À l’autre extrémité du pays, le Cap-Breton a aussi subi ce que les météorologues qualifient de «coup de fouet hivernal», avec une chute de neige de 100 centimètres qui a paralysé Sydney et Halifax, qui n’en a reçu «que» 80.
À Calgary, où l’on avait installé toutes sortes d’équipements pour étudier la grêle, celle-ci a collaboré un peu trop aux travaux des chercheurs, avec des grêlons atteignant la taille d’un pamplemousse accompagnés d’une tornade dans le centre de la province, causant des dommages évalués à 2,8 milliards $.
La tragédie de Jasper
L’Ouest canadien a été particulièrement touché en 2024 alors que la chaleur intense et la sécheresse ont provoqué d’incontrôlables feux de forêt qui ont ravagé la municipalité de Jasper, dans les Rocheuses albertaines. Cet événement, qui trône au sommet du palmarès d’Environnement Canada, s’est inscrit dans un épisode particulièrement sec et chaud, avec un mercure atteignant 38 degrés Celsius. Le parc national de Jasper et la municipalité ont été rasés lorsque deux immenses feux hors de contrôle ont fusionné avant de s’abattre sur Jasper, forçant l’évacuation de 5000 résidants et 20 000 visiteurs en plein coeur de la saison touristique et laissant derrière 880 millions $ de dommages.
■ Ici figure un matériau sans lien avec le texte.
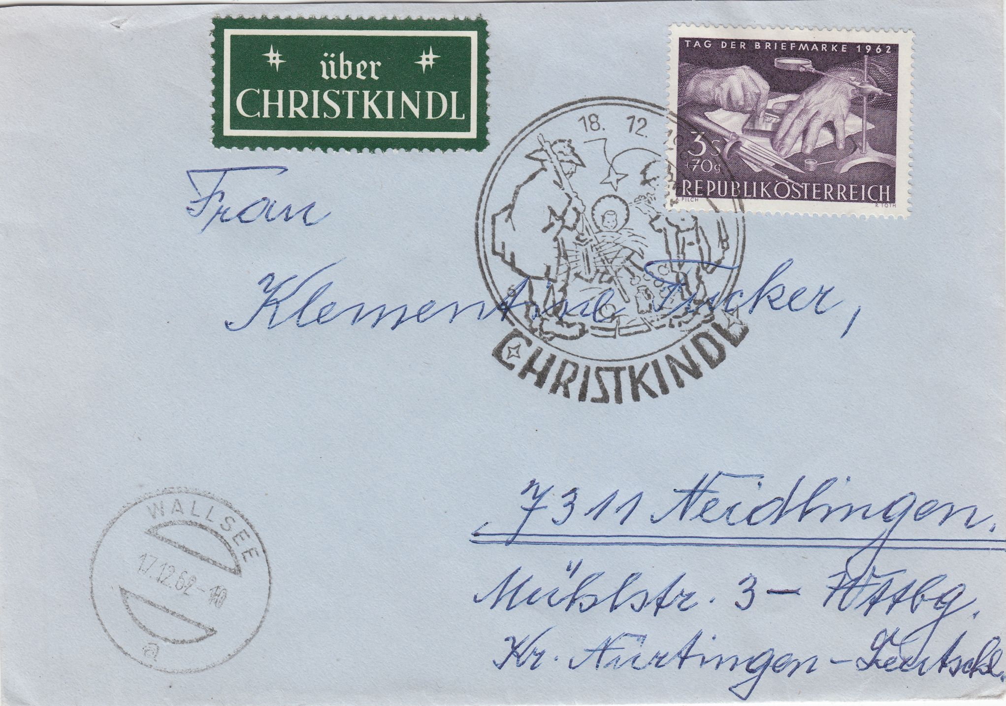 Hier der 1962 eingesetzte Sonderstempel CHRISTKINDL mit der Kennziffer "6" am 18.12.1962 gebraucht auf einem Brief nach Deutschland, aufgegeben mit Leitzettel "über CHRISTKINDL" am 17.12.1962 in "WALLSEE":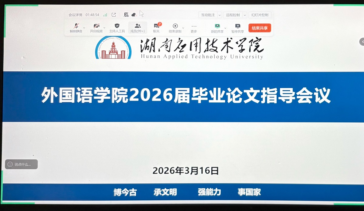 为规范2026届毕业论文撰写流程、明确要求、提升论文质量,也为更好地做好2026届毕业论文的中期检查工作,3月16日晚7点,我院通过腾讯会议线上召开2026届毕业论文指导会议。22级全体本科学生及全体论文指导老师悉数参会,学院副院长王中兰主持会议。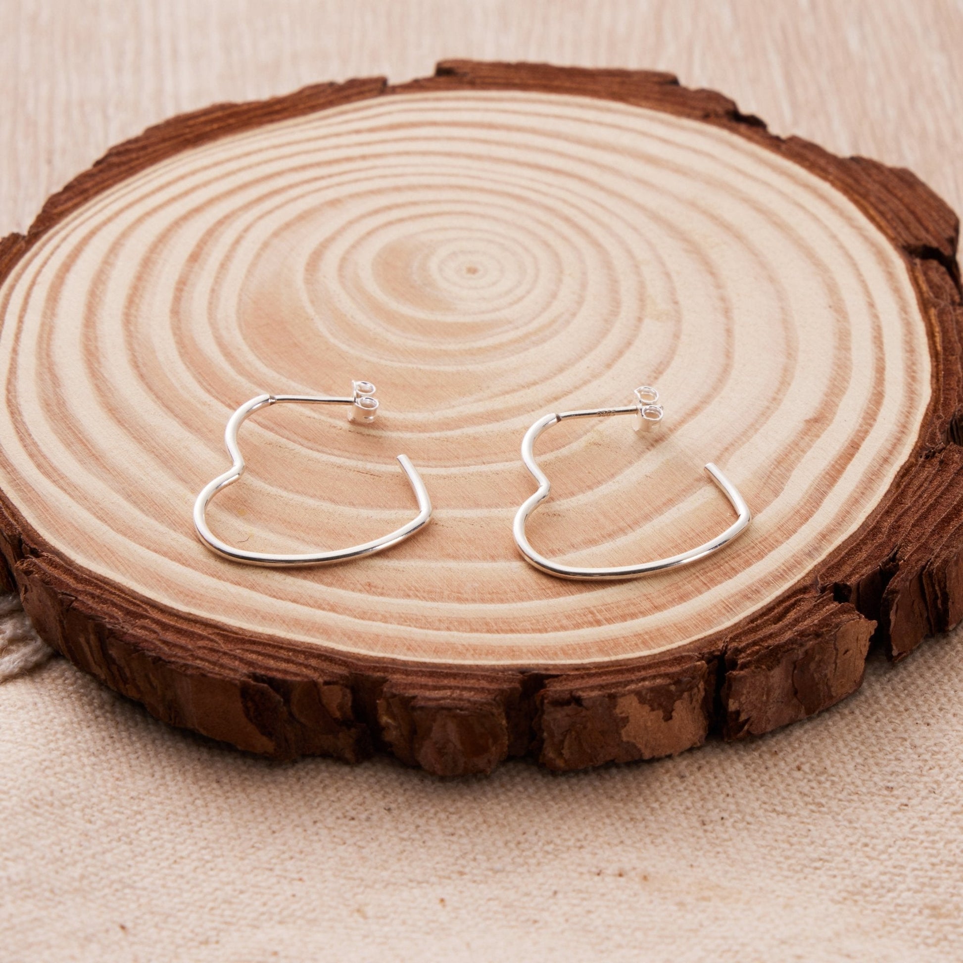 Sterling Silver Heart Hoop Earrings with Butterfly Backs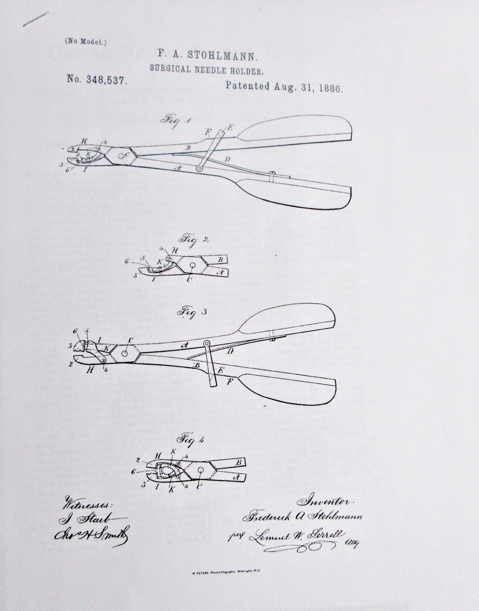 The 1889 Tiemann Armamentarium ( page 4654, fig. 3304) shows this model and describes it as “Tiemann & Co’s New Need;e forceps (adapted for Hagedorn Needles).” However it was patented by F.A. Stohlmann in 1886 , patent number 349,and presumably this patent was subsequently assigned to Tiemann. It is marked :”TIEMANN” and “PATENT APPLIED FOR”, so presumably Tiemann was selling it before Stohlmann received his patent. $295.00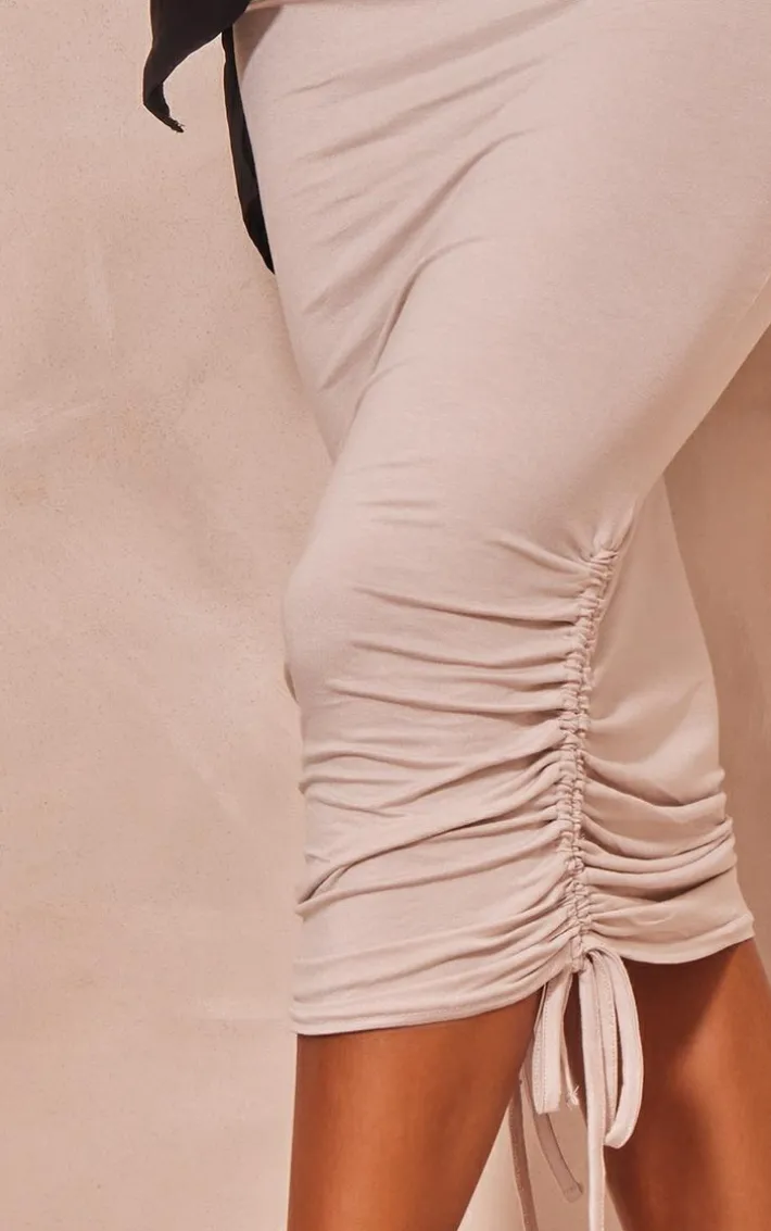 Calling all our neutral-loving s to check out this stone jersey ruched side midaxi skirt. Its stone jersey material is the perfect addition to your wardrobe and its ruched detailing gives a super flattering fit. With endless styling potential, you are sure to be reaching for this midaxi skirt again and again. Simply pair it with a basic crop top, chunky sandals and gold accessories for a look that won’t go unnoticed.

L’autre bout du pays n’était pas épargné alors qu’à l’est complètement, le Labrador a connu lui aussi d’importants feux de forêt qui ont forcé l’évacuation de quelques communautés.
Canicule et neige en même temps
Enfin, Environnement Canada souligne parmi ses phénomènes de 2024 un «été divisé» marqué par des chaleurs étouffantes dans les Maritimes pendant qu’au même moment, l’Alberta grelottait. Du 18 au 20 juin, les températures sont montées jusqu’à 37,6 degrés Celsius à Bathurst, la température la plus élevée jamais atteinte au Nouveau-Brunswick. Des températures bien au-dessus des 30 degrés ont persisté dans l’ensemble des provinces maritimes durant cette période, soit 10 à 15 degrés supérieures aux moyennes saisonnières. Au même moment, l’Ouest était aux prises avec une inhabituelle vague de froid avec des températures atteignant les -4,8 degrés en plein mois de juin en Alberta. Pour ajouter à la misère des Albertains, la neige s’est mise de la partie, avec des accumulations allant jusqu’à 30 centimètres dans le secteur de Nanton, une petite municipalité située à une centaine de kilomètres au sud de Calgary.
Météo extrême: «la nouvelle norme»
«Se réchauffant plus rapidement que la moyenne globale, particulièrement dans le Nord, le Canada devient de plus en plus un territoire où les événements de météo extrêmes sont la nouvelle norme», a affirmé Jennifer Smith, météorologue nationale de sensibilisation aux alertes.
«L’atmosphère qui se réchauffe accroît l’intensité des événements comme les vagues de chaleur et intensifie les pluies torrentielles parce que l’air plus chaud peut contenir davantage d’humidité. Les événements qui ont eu le plus d’impact cette année (…) nous rappellent que le changement climatique n’est plus une préoccupation lointaine, mais une réalité déjà présente, transformant des vies, des paysages et le gagne-pain des nombreux citoyens à travers le pays», a-t-elle conclu.